The plain bearing has at least one conical outer sliding surface and at least one conical inner sliding surface. A conical sliding surface has the basic shape of a lateral surface of a truncated cone. The basic shape of a surface denotes the shape of an original surface from which the first-mentioned surface is created by eliminating individual areas, for example by inserting recesses, and / or by adding individual areas. For example, the outer sliding surface and / or the inner sliding surface can have recesses for introducing, guiding or discharging lubricant.

The outer sliding surface is distinguished from the inner sliding surface in that it at least partially surrounds the inner sliding surface. The outer sliding surface forms the outer surface of a frustoconical cavity in which at least part of the inner sliding surface is located. Two planes running radially, that is to say orthogonally to an axis of rotation of the sliding bearing, can be specified, between which there are at least a part of the first sliding surface and at least a part of the second sliding surface.

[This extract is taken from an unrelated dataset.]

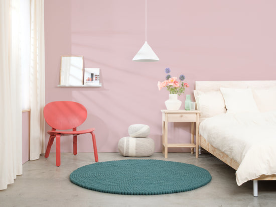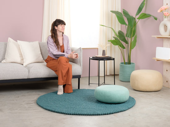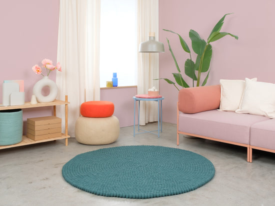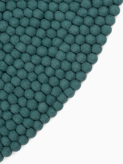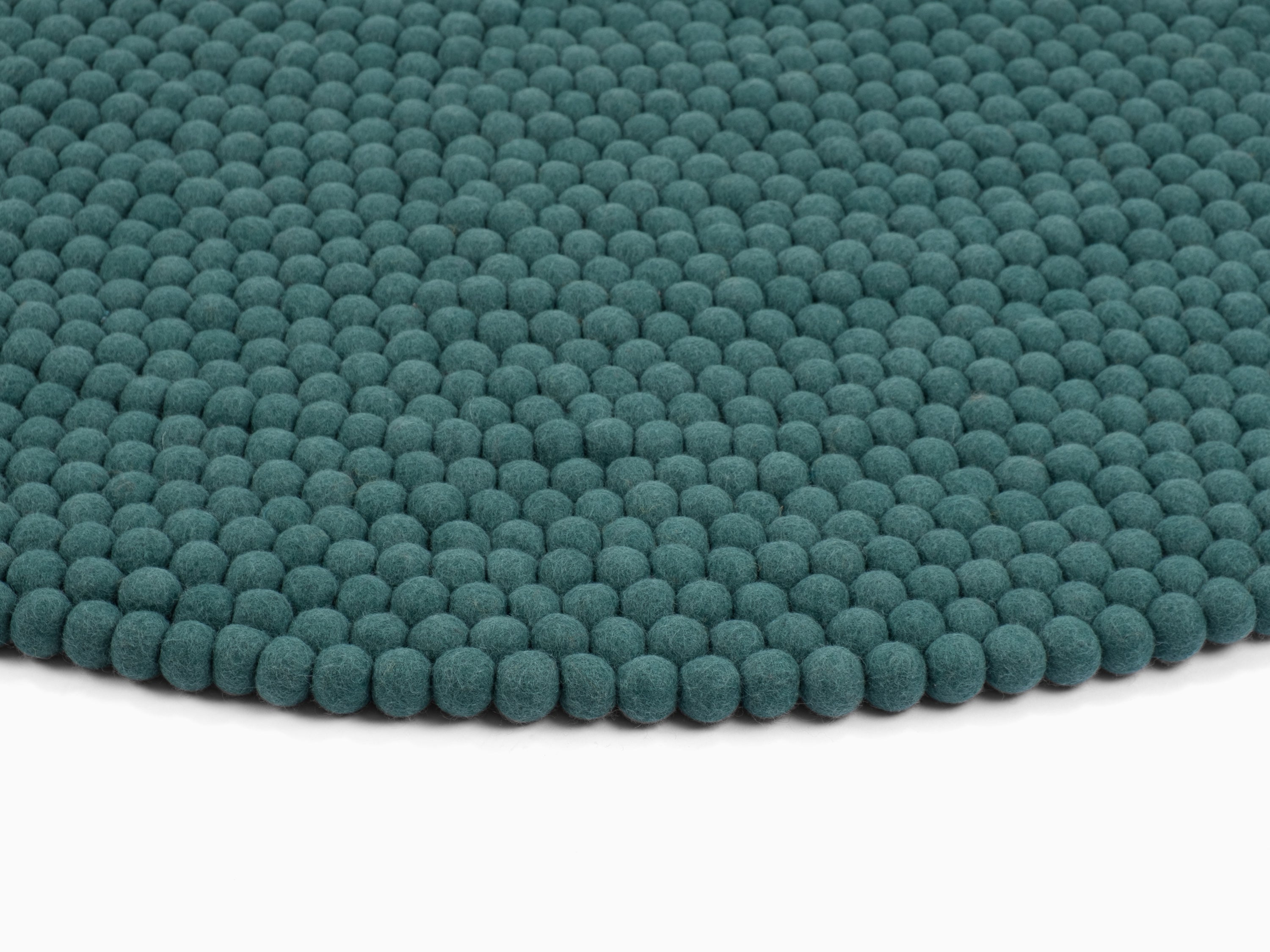 Noah is a felt ball rug in deep petrol. Powerful, clear and still relaxing—use as a statement piece or a quiet base. Works with light wood, concrete and neutral colours. Noticeably soft, durable and easy to care for. Handcrafted in Nepal from 100% pure new wool.

The plain bearing has at least one floating bush. This is arranged between the outer sliding surface and the inner sliding surface. Accordingly, the first sliding surface of the floating bush forms a pair of sliding surfaces with the outer sliding surface. The second sliding surface of the floating bush forms a pair of sliding surfaces with the inner sliding surface. At least a part of the floating bush is located in the above-mentioned frustoconical cavity and between the two above-mentioned radial planes.

According to the invention, a cone angle of the outer sliding surface is smaller or larger than a cone angle of the inner sliding surface. The cone angle of a conical sliding surface denotes the cone angle of a corresponding truncated cone. This in turn is the opening angle of a cone, which consists of the truncated cone and a supplementary cone. The opening angle denotes the angle that two surface lines, which are arranged with a central axis of the cone in a common plane, form. The opening angle is twice an angle between a surface line and the central axis.

The different cone angles of the outer and inner sliding surfaces have the result that a radial force acting on the slide bearing causes a force acting on the floating bush in the axial direction. This ensures that at least one bearing gap of the plain bearing is retained with an axial force acting on the plain bearing. As a result, the plain bearing remains rotatable even under axial load.

In a preferred development, the first sliding surface and the second sliding surface of the floating bush are each conical. A cone angle of the first sliding surface is smaller or larger than a cone angle of the second sliding surface. If the cone angle of the outer sliding surface is smaller than the cone angle of the inner sliding surface, the cone angle of the first sliding surface of the floating bush is preferably smaller than the cone angle of the second sliding surface of the floating bush. If the cone angle of the outer sliding surface is greater than the cone angle of the inner sliding surface, the conical angle of the first sliding surface of the floating bush is preferred larger than the cone angle of the second sliding surface of the floating bush.

In a preferred development, the cone angle of the outer sliding surface and the cone angle of the first sliding surface of the floating bush match. According to a further development, the taper angle of the inner sliding surface and the taper angle of the second sliding surface of the floating bush also match.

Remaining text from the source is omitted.